Without any of the pictures, transcribe all the lines below exactly.
━━━ Given data ━━━
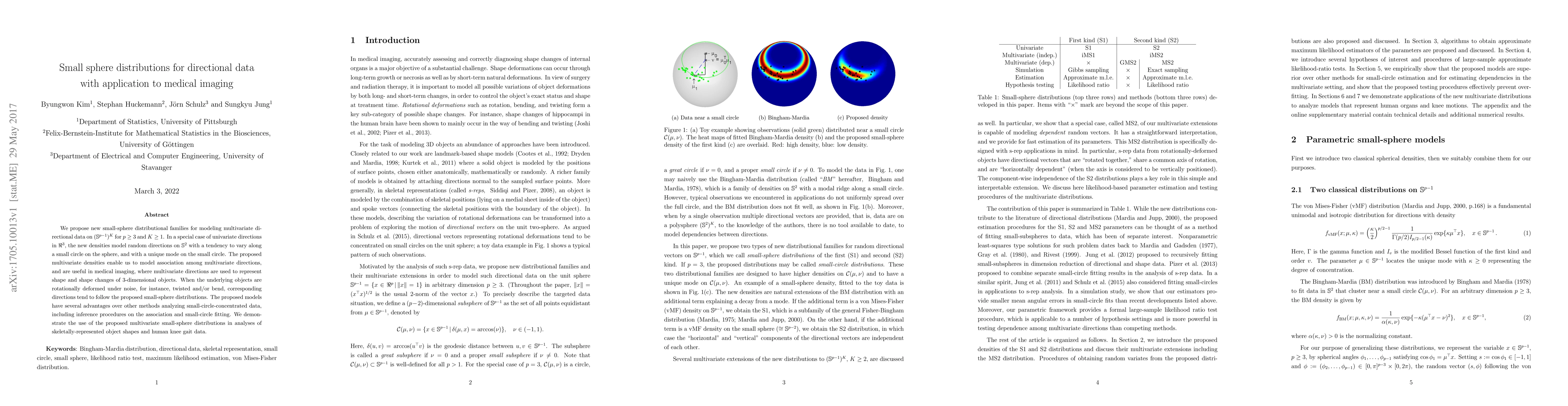 We propose new small-sphere distributional families for modeling multivariate directional data on $(\mathbb{S}^{p-1})^K$ for $p \ge 3$ and $K \ge 1$. In a special case of univariate directions in $\Re^3$, the new densities model random directions on $\mathbb{S}^2$ with a tendency to vary along a small circle on the sphere, and with a unique mode on the small circle. The proposed multivariate densities enable us to model association among multivariate directions, and are useful in medical imaging, where multivariate directions are used to represent shape and shape changes of 3-dimensional objects. When the underlying objects are rotationally deformed under noise, for instance, twisted and/or bend, corresponding directions tend to follow the proposed small-sphere distributions. The proposed models have several advantages over other methods analyzing small-circle-concentrated data, including inference procedures on the association and small-circle fitting. We demonstrate the use of the proposed multivariate small-sphere distributions in analyses of skeletally-represented object shapes and human knee gait data.
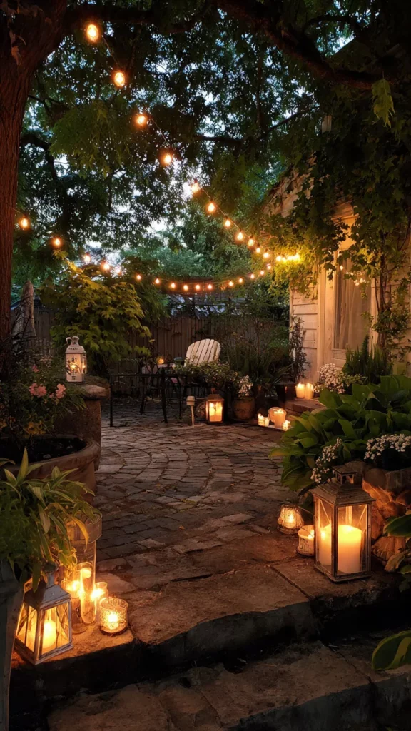 String lights, lanterns, or soft solar path lights turn the backyard into a dreamy evening escape. The glow softens everything beautifully. I always think nighttime gardens hold a special kind of magic. Doesn’t gentle light feel healing?
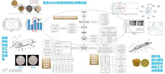 青稞是西藏第一大粮食作物,富含γ-氨基丁酸(GABA)、β-葡聚糖等功能成分,但存在纤维含量高,加工性能差,添加量有限,传统加工手段容易破坏营养成分等应用瓶颈。本项目针对上述行业共性难点和痛点,从原料高值化利用、营养组成、活性物质和生理消化特性进行全面系统研究,采用现代工程技术手段研发兼具西藏青稞营养成分和粤式糕饼精美特征的青稞点心及加工装备。以低水分含量粤式杏仁饼为代表,发明了一种熟粉饼的快速加工方法及装备,不改变配方组成,通过调控加工过程的导湿性和导湿温性加速糕饼内部水分的转移,在节约烘焙成本的同时,解决熟粉饼常见的破损率高问题。针对戚风蛋糕为代表的高水分产品,通过调控微波预膨发结合热风烘烤,在改善高含量青稞粉料不易膨发问题的同时,显著缩短烘焙时间,降低能耗。项目成果围绕核心专利,进一步发明了富含γ-氨基丁酸的高得率熟化青稞全粉生产方法,拓展了富含青稞的含馅中式蒸包开发技术。项目可以拓展到高纤维、低GI的谷类、豆类等广泛原料的开发应用,前景广阔。
━━━
Completed exercise »
 We propose new small-sphere distributional families for modeling multivariate directional data on $(\mathbb{S}^{p-1})^K$ for $p \ge 3$ and $K \ge 1$. In a special case of univariate directions in $\Re^3$, the new densities model random directions on $\mathbb{S}^2$ with a tendency to vary along a small circle on the sphere, and with a unique mode on the small circle. The proposed multivariate densities enable us to model association among multivariate directions, and are useful in medical imaging, where multivariate directions are used to represent shape and shape changes of 3-dimensional objects. When the underlying objects are rotationally deformed under noise, for instance, twisted and/or bend, corresponding directions tend to follow the proposed small-sphere distributions. The proposed models have several advantages over other methods analyzing small-circle-concentrated data, including inference procedures on the association and small-circle fitting. We demonstrate the use of the proposed multivariate small-sphere distributions in analyses of skeletally-represented object shapes and human knee gait data.
 String lights, lanterns, or soft solar path lights turn the backyard into a dreamy evening escape. The glow softens everything beautifully. I always think nighttime gardens hold a special kind of magic. Doesn’t gentle light feel healing?
 青稞是西藏第一大粮食作物,富含γ-氨基丁酸(GABA)、β-葡聚糖等功能成分,但存在纤维含量高,加工性能差,添加量有限,传统加工手段容易破坏营养成分等应用瓶颈。本项目针对上述行业共性难点和痛点,从原料高值化利用、营养组成、活性物质和生理消化特性进行全面系统研究,采用现代工程技术手段研发兼具西藏青稞营养成分和粤式糕饼精美特征的青稞点心及加工装备。以低水分含量粤式杏仁饼为代表,发明了一种熟粉饼的快速加工方法及装备,不改变配方组成,通过调控加工过程的导湿性和导湿温性加速糕饼内部水分的转移,在节约烘焙成本的同时,解决熟粉饼常见的破损率高问题。针对戚风蛋糕为代表的高水分产品,通过调控微波预膨发结合热风烘烤,在改善高含量青稞粉料不易膨发问题的同时,显著缩短烘焙时间,降低能耗。项目成果围绕核心专利,进一步发明了富含γ-氨基丁酸的高得率熟化青稞全粉生产方法,拓展了富含青稞的含馅中式蒸包开发技术。项目可以拓展到高纤维、低GI的谷类、豆类等广泛原料的开发应用,前景广阔。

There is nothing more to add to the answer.